_Directions for this task_
For the entries below, the expected answer is the line with "廣州海關關員對即將發運的中歐班列進行監管。", the line with "El Canciller, Eduardo", and every line between them, exactly as written, and nothing more.

_Extracted material_
● ● ● ● ●
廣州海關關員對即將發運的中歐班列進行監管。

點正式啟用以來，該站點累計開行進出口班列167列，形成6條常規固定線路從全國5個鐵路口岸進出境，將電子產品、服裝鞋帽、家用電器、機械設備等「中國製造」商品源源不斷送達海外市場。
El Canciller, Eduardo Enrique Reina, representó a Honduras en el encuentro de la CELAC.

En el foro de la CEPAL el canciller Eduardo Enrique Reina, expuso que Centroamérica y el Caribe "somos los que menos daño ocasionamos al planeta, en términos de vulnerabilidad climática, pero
● ● ● ● ●
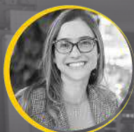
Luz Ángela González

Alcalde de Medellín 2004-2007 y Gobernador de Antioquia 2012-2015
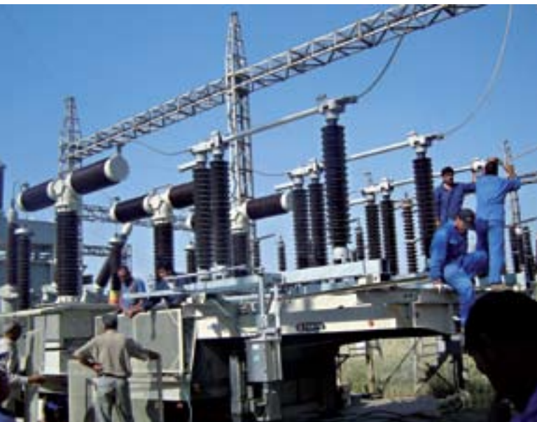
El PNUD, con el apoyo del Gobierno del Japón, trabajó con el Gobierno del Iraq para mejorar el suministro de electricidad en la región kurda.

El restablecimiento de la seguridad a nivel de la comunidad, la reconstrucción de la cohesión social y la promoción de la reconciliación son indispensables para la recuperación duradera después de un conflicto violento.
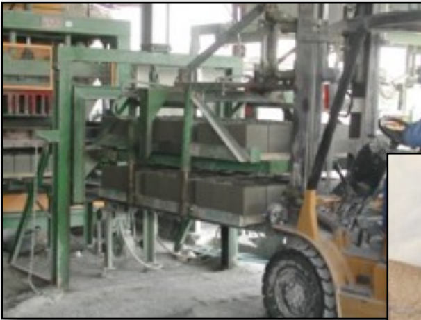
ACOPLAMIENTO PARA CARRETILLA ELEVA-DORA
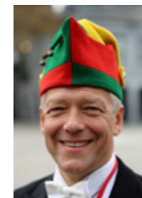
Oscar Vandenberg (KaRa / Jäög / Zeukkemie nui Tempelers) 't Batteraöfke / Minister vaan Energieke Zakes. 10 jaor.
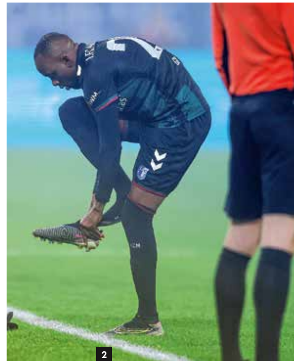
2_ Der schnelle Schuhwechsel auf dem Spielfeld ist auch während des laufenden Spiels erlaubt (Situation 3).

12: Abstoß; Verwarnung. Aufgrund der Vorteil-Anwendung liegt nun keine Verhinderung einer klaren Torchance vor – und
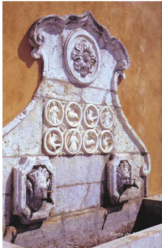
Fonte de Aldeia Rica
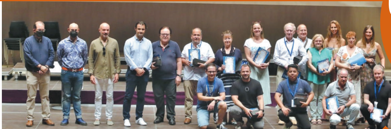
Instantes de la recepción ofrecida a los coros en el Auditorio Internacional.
● ● ● ● ●
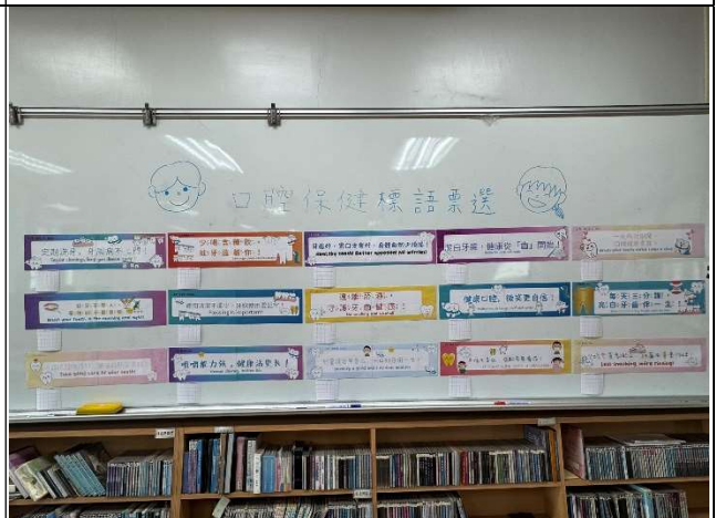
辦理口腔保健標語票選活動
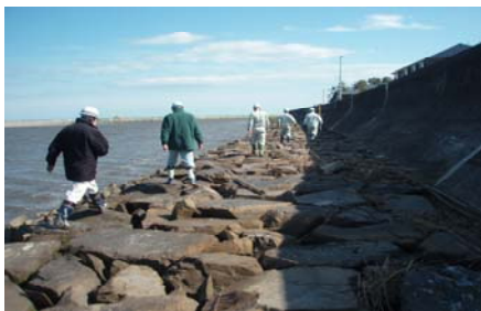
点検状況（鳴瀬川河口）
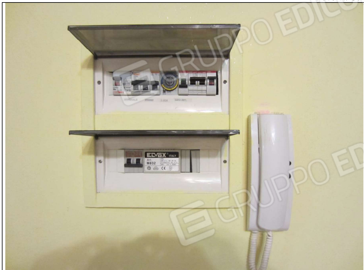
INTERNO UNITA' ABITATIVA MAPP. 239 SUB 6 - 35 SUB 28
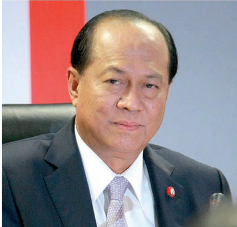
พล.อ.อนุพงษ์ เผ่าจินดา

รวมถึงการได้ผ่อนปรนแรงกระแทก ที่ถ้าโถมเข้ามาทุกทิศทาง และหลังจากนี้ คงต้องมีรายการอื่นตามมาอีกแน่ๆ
● ● ● ● ●
_Response_
廣州海關關員對即將發運的中歐班列進行監管。

點正式啟用以來，該站點累計開行進出口班列167列，形成6條常規固定線路從全國5個鐵路口岸進出境，將電子產品、服裝鞋帽、家用電器、機械設備等「中國製造」商品源源不斷送達海外市場。
El Canciller, Eduardo Enrique Reina, representó a Honduras en el encuentro de la CELAC.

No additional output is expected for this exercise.